München (epd). Der muslimische Antisemitismus lässt sich nach Ansicht des Freiburger Islamwissenschaftlers Abdel-Hakim Ourghi nicht ausschließlich auf die politischen Folgen nach der Gründung des Staates Israels zurückführen. Eine solche Begründung sei „zum Scheitern verurteilt“, denn so würden die „historischen und religiösen Wurzeln, die schon im siebten Jahrhundert auszumachen sind, nicht wahrgenommen“, sagte Ourghi dem Evangelischen Pressedienst (epd) am Dienstag.

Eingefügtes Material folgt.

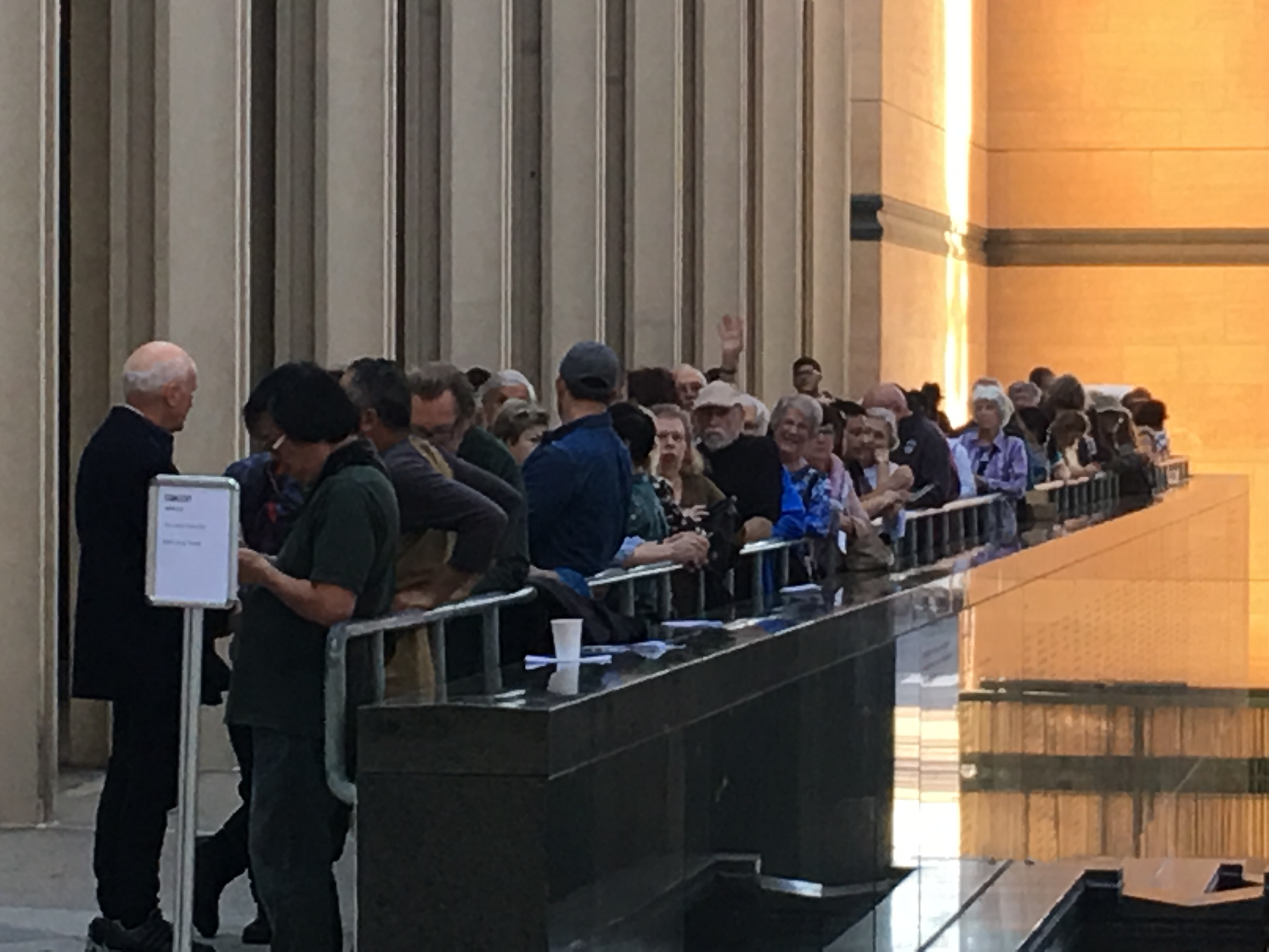 Ticket Line at the LACMA before „The Latsos“ recital in Los Angeles

„Die islamische Judenfeindschaft ist religiös motiviert und findet zweifelsohne ihre religiöse Legitimation in den muslimischen kanonischen Schriften“, urteilte Ourghi, der vor wenigen Monaten ein Buch mit dem Titel „Juden im Koran. Ein Zerrbild mit fatalen Folgen“ im Münchner Claudius-Verlag veröffentlicht hat. Die Gründung Israels und der Nahostkonflikt seien „Katalysatoren für die Verbreitung des Antisemitismus unter den Muslimen“ gewesen. Sie seien aber nicht die einzige Ursache oder gar die Wurzel dafür.

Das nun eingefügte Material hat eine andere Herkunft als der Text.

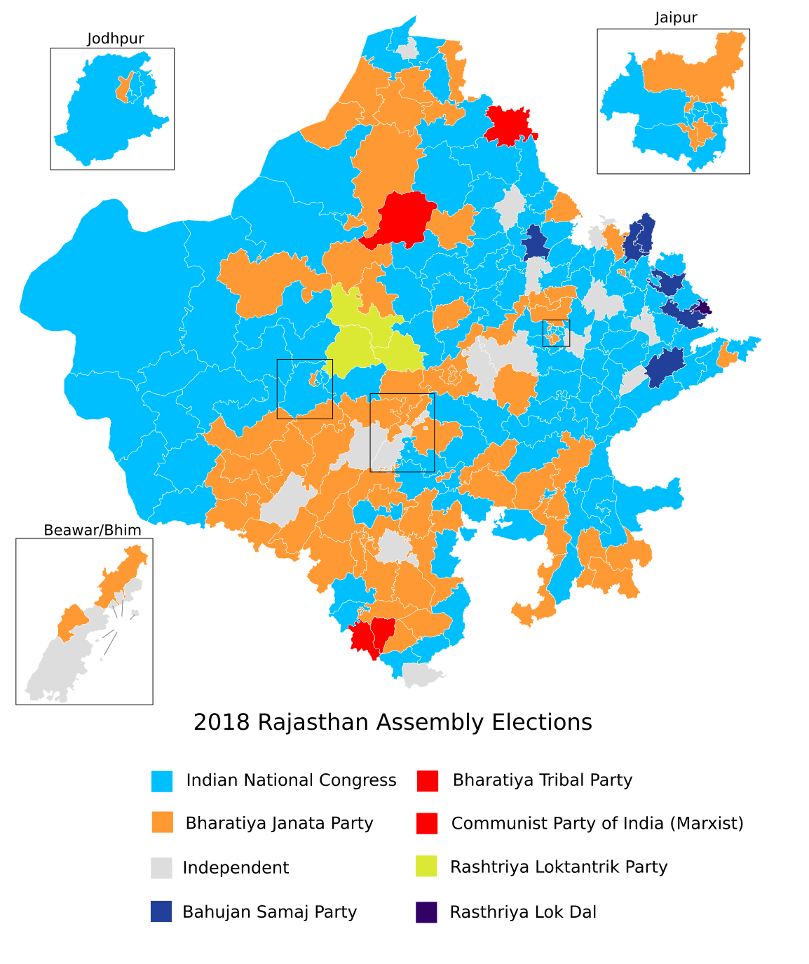 Results of the 2018 Rajasthan assembly elections

Der muslimische Judenhass gehe „auf die islamisch-arabische Tradition in der Frühzeit des Islam zurück“, sagte Ourghi weiter. Er sei „vom politisch-juristischen Koran und der Rolle des Propheten als politischem Herrscher nicht zu trennen“. Eine „nur politische Lösung des Nahostkonflikts“ wird Ourghis Meinung zufolge den islamischen Antisemitismus nicht beenden. Dies sei Wunschdenken, denn die Gründe für den islamischen Antisemitismus lägen „im Koran und der Tradition des Propheten als kanonische Quellen“.
Auch wenn die Gefühle von Muslimen dadurch verletzt würden, müsse man „deutlich sagen, dass der Koran, die Tradition des Propheten und sein Handeln als politisches Oberhaupt der Religionsgemeinschaft“ Grundlage für den Judenhass darstellen: „Betrachtet man den Umgang des Koran und das religiöse und grausame politische Handeln des Propheten mit den Juden“, entdecke man ein Gewaltpotenzial im politischen Islam, „das sich aus der Unbedingtheit der eigenen religiösen Überzeugung“ speise.